Article Preview
TopIntroduction
The increasing development of mobile technologies allowing more sophisticated use affects our ways of communicating with each other and with the surrounding environment. It also influences the way we learn a foreign language, because language is strongly influenced by situations, which are embedded in daily real life (Ogata & Yano, 2005). Moreover, new technologies, among them mobile ones with their increasing functionality and widespread use, influence cultural practices and enable new contexts of learning (Pachler, Bachmair, & Cook, 2010). This potentially includes informal learning in everyday activities (both physical and virtual), and learning practices occurring in formal educational settings. The availability of mobile devices opens an additional platform for supporting learning (Ogata, Paredes, Saito, & Yano, 2006).
Mobile devices in today’s context express part of individuals’ own values, affiliations, identity and individuality through their choice and use (Traxler, 2010). Still their integration into teaching and learning has been more gradual, as educators need to understand how mobile technology can be effectively used to support various kinds of learning (Kukulska – Hulme & Shield, 2008), and develop effective methods, techniques, and materials for mobile assisted language learning.
Mobile assisted language learning (MALL) refers to mobile technology use for learning language. It originates from mobile learning (mLearning) and can be seen as a specialization of that field. Definitions vary, for example by emphasizing either the use of small, portable computing devices (Zhang, Xiong, & Luo, 2007), or learner mobility and their possibilities to engage in educational activities without being connected to specific physical settings (Kukulska-Hulme, 2005). There are also differences with respect to focusing on learning or teaching, as well as learning theories, ranging from individualist ones (such as behaviorism) to constructivist, constructionist and social learning theories. Clearly both technology and people can be mobile, and clearly also the field as a whole needs to include both student and teacher focus. For the purpose of this paper we hence define mLearning as “a process of coming to know through conversations across multiple contexts among people and personal interactive technologies” (Sharples, Taylor, & Vavoula, 2005, p. 225), with a specific focus on context.
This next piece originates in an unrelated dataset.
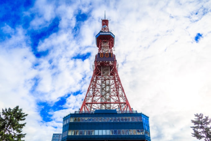 市内で最も象徴的な建物であるテレビ塔は札幌の中心部に建っており、展望台からは大都市と周囲の山々の素晴らしい景色を眺めることができます。有名な東京タワーと同じように、タワー全体がオレンジ色にライトアップされる夜は特に美しいです。

This is a definition with the student/technology user at the centre, a constructionist approach, and a recognition of social context as crucial for learning. The role of technology in these explorations and conversations is to help the user/student create a system of meaning making. Mobile technologies are more pervasive than previous computer technologies in that they are woven into all the times and places of individuals’ lives creating a place, a physical and a virtual space of conversational interaction, and an “extension of physical space through the creation and juxtaposition of a mobile social place” (Traxler, 2010, p.151). The technology to assist in this “process of coming to know” includes any kind of handheld mobile devices such as cell phones, personal digital assistants (PDAs), smartphones, pads, pods, netbooks, media-players, in-car satellite navigation etc. Laptops are today typically not considered mobile in this context. While they obviously are to some extent, we exclude them from this paper, and, in lack of the strict definition, refer to “mobile” anything that can be used when working around (Viberg & Grönlund, 2012).